Metoş'a katılıyorum. Bir personelci olarak işten sürekli yakınanlara patronunu, müdürünü şikayet eden emekçi kardeşlerime her zaman dediğim bir laf vardır; Ya bu deveyi güdeceksin ya bu diyardan gideceksin!
Yalnız işveren, patron olmakta zor iştir. Aradaki dengeyi kurmak gerekir. Türkiye şartlarında azami olanakları çalışanlarına sağlamalısın, para sende düdük sende diye .okunu çıkartıp çok ezmeyeceksin, iyi davranmaz iyi şartlar sağlamazsan ne olur, kısa vadede hiçbir şey olmaz ülkemiz gibi bol ucuz işgücü olan bir ülkede biri gider öteki gelir, it ürür kervan yürür tabi işin kalitesi de yerlerde sürünür.

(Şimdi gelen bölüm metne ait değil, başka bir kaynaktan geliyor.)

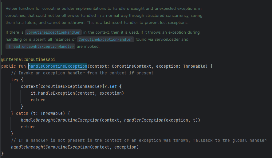 CoroutineExceptionHandler의 동작 원리를 알아보기 위해서 CoroutineExceptionHandler.kt 파일을 살펴보자. 해당 파일에는 handleCoroutineException 메서드가 존재한다. 해당 메서드는 예외 처리 중에 또 다른 예외가 발생하거나 CoroutineExceptionHandler가 컨텍스트에 존재하지 않을 때 JVM 환경에서는 ServiceLoader를 통해 발견된 모든 CoroutineExceptionHandler 인스턴스와 Thread.uncaughtExceptionHandler가 호출된다.

Bana bu gençler Aea'nın sponsorları arttıkça gelirlerinde o biçim arttığı algısıyla bir işlere kalkışmışlar gibi geldi. Tabi en son altınlı gece de Aea'nın "onlara binlerce liralık kask verdik, lastik aldık, pahalı motorlara bindiler" lafını da tasvip etmiyorum. Ulen motor işi yapıyorsun tabi ki vereceksin, bizde şantiyelerimizde çalışanlara kask, çelik uçlu bot ve eldiven veriyoruz.

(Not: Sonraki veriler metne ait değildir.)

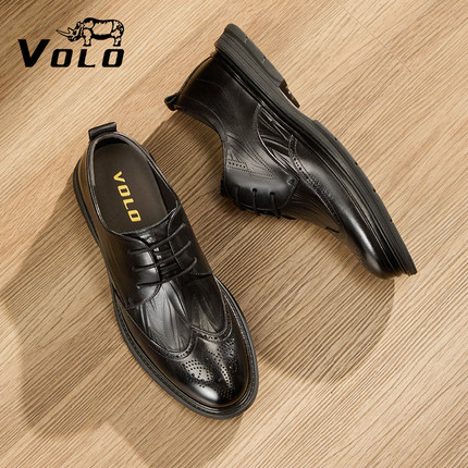 VOLO犀牛男士商务正装皮鞋休闲皮鞋男款布洛克结婚新郎鞋真皮男鞋

Fakat bu ülkede hak adalet kişiye göre çok değişken olabilir, sen istediğin kadar anayasa yaz ekonomin yeterli değilse çalışanlara yazdığın hakları verdiremezsin. Cezalarla vs. ile yürümez bu işler, çoğu işveren keyfinden sigortasız ve/veya daha az ücretini bildirerek çalıştırmaz. Çalıştığın yerde şartlar düzelmeye başladığında da biraz sebat edip konuşmakta fayda vardır. Konuşursun baktın olmuyor aşırı açgözlülük hakim olmuş bünyeye bana bir ara müsaade dersin. Birini zor durumda bırakıp kaçmanın bahanesi geçmişte istemediği ve alamadığı "haklar" olamaz. O zaman eleştirdiğin adamdan farkın kalmaz!